Siempre existe un detonador que cuando llegas a lo más hondo, a lo más profundo del pozo, te impulsa hacia arriba. Puede ser un libro, una situación, una persona, etc…. Para mí fue mi perro.

Era un domingo, yo llevaba unas semanas de baja, y no me apetecía moverme del sofá para nada, sólo quería quedarme quieta, como si esa quietud sirviera para detener el torbellino de pensamientos que se repetían, detener mis sentimientos, quería dejar de sentir. Hacía mucho tiempo que quería tener un cachorro, y ese día mi marido me dijo “vístete, cielo, vamos  a ver si encontramos un perro”. Fuimos, y volvimos a casa con un cachorro de 2 meses asustado y lleno de pulgas.

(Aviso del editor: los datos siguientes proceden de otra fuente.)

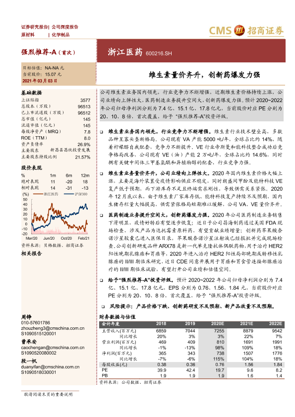 创新药 化学制品 浙江医药 股票分析 维生素

Pasados unos días, ya correteaba por la casa feliz, pero un día comenzó a estar triste, dejo de comer, y se puso muy enfermo, distintas circunstancias llevaron a tenerlo en casa con un suero para alimentarlo. No podía dejarlo solo esa noche, y durmió conmigo en un sillón. Fue una noche larga… y mirándolo me di cuenta de que estaba en el ahora, sin luchar, era pura aceptación. Lloré, lloré porque en ese instante comprendí que llevaba meses resistiéndome a lo que era, a la realidad que me envolvía, a lo que yo consideraba injusto, a los deberías que resonaban en mi cabeza, al dolor. Lloré hasta que no me quedaron lágrimas, anteriormente no había podido hacerlo, solo sentía una opresión que no me dejaba respirar. Eso me hizo traspasar el dolor, la pena, la angustia que sentía, y aceptar que en la situación en la que me encontraba no podía transformar un ápice de mis circunstancias exteriores, que si quería salir de este pozo debía cambiar yo, cambiar en mi interior. Aún no sabía cómo, pero si el porqué. Quería volver a sonreír, quería vivir sin miedo, quería volver a ser YO.